The skills strategy is a key cornerstone of Northern Ireland’s broader 10-fold economic vision and sets out plans to focus on innovation by furthering further education in technical and vocational skills and transforming higher education towards science, technology, engineering and mathematics (STEM) .

The Minister said:
“As we seek to accelerate economic recovery, our vision is to make Northern Ireland one of the world’s elite small economies. The skills of our workforce are central to achieving this goal.”

“Our local workforce is already talented, but it is important that we use and build on that foundation. Access to skills and talent is the number one issue for businesses in all sectors of our economy.”

“For every step up the ladder of skills that makes a person, the greater the potential reward. People with a diploma on average earn more than 50% more than those with low-level qualifications. By investing in our skills and talent, we will create more and better employment opportunities with greater earning potential for all.

“In turn, this will lead to a better individual well-being and a better society for all.”

The Minister continued:
“Skills for a 10-fold Economy” shows how we will provide significant skills growth in technical and professional skills through our colleges of further education.

“At the same time, we will strive to balance the qualifications of graduate and postgraduate students in higher education. We want to focus on STEM subjects, which are so important to provide people with the skills they need to work in the future.”

“The strategy will also tackle inequality by supporting people with low or no qualifications in overcoming barriers to employment and making the most of them. This is extremely important, as 13% of our working age population has no qualifications – almost twice as many. than the UK average. ”

In line with the recommendation made in the OECD study, the Department has also set up a Skills Council for Northern Ireland to provide effective advice on the development and implementation of skills policies.

The Minister added:
“The NI Skills Council brings together senior politicians, business leaders, educators and unions to provide ongoing advice and support as we begin the strategy implementation process. This includes agreeing to continue a nationwide approach to ensure a more cohesive, collaborative approach. to skills policy ”.

Jackie Henry, managing partner for staff and goals at Deloitte UK and chair of the Northern Ireland Skills Council, said:
“I very much welcome the publication of a new skills strategy for Northern Ireland. The local economy is evolving as Northern Ireland takes advantage of global growth in areas such as business and financial services, cybersecurity and advanced manufacturing. So it is important that we have people who own skills to take full advantage of opportunities that are available now and in the future. ”

Louise Ward Hunter, Director and CEO of Belfast Met, said: “The further education sector is a skills engine for Northern Ireland and will be central to supporting the government in implementing its ambitious vision set out in this new strategy for inclusive growth. .

An economy that works for everyone is an economy in which everyone can participate. Having the right skills is a passport to making this inclusion a reality.

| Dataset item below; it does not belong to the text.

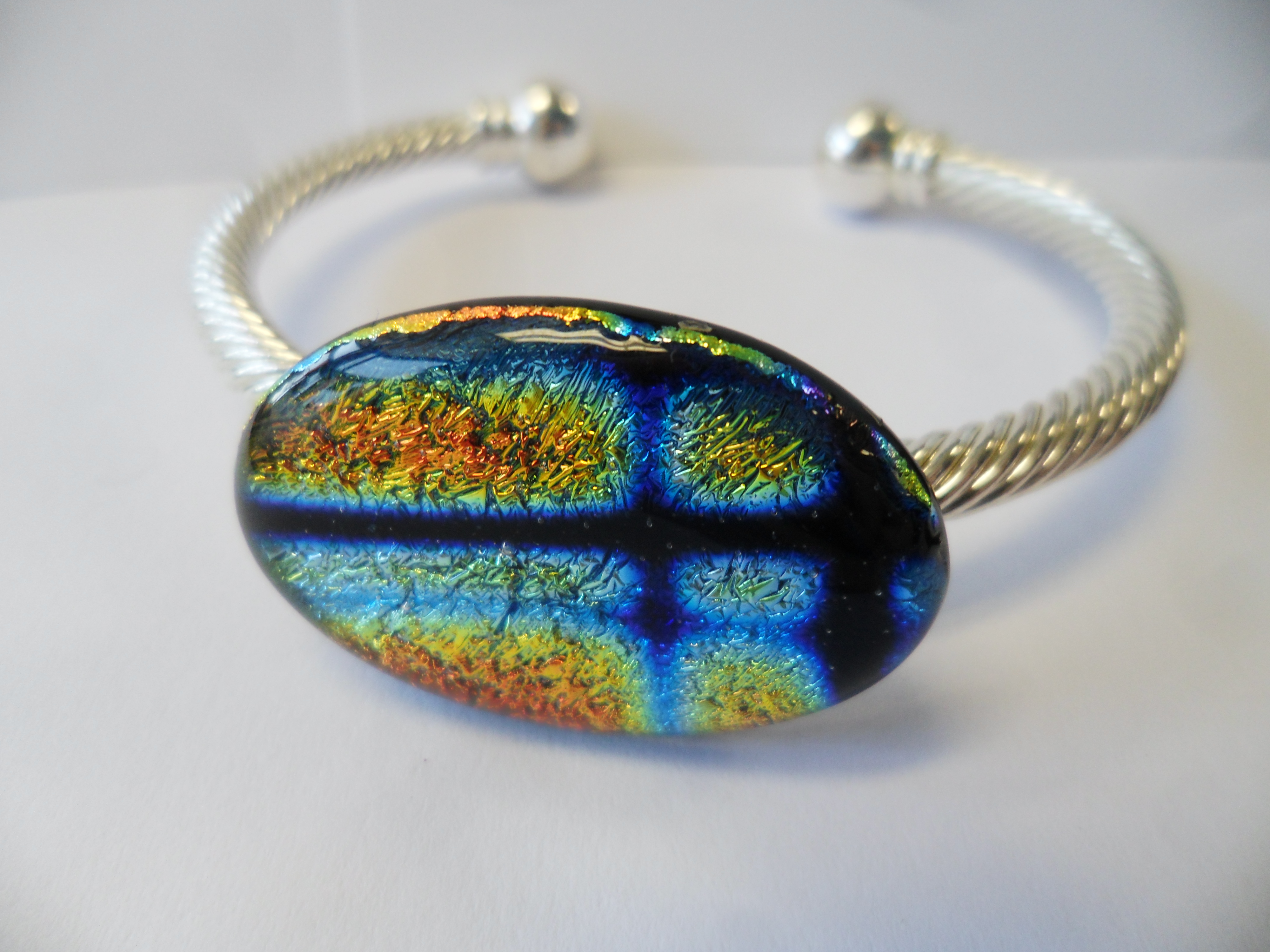 This bracelet is made from fused solid black, clear and dichroic glass. The dichroic glass is what gives the radiant, multicolored look to the pendants. Each bracelet is unique and one of a kind.

Investing in the skills and talent that will follow from the Skills for the Economy 10X strategy , will have a direct impact on our students as well as employers.

“Ready-made staff are central to the economic future of Northern Ireland, and Belfast Met looks forward to playing its full role in equipping students, stimulating innovation and transforming lives.”

Angela McGowan, director of the Confederation of British Industry, Northern Ireland, said:
“CBI is pleased to publish this week’s NI Skills Strategy. Businesses across Northern Ireland are telling us that access to skills is their number one priority.

“It is widely recognized that economic growth and living standards depend to a large extent on the quality and supply of the local workforce. This strategy aims to take Northern Ireland’s workforce to the next level by investing in youth, investing in lifelong learning and ensuring that the local skill set meets the needs of our economy ”.

“Skills for a 10-fold economy” was published following a 12-week public consultation on a draft document launched last year. The strategy is available at DfE website.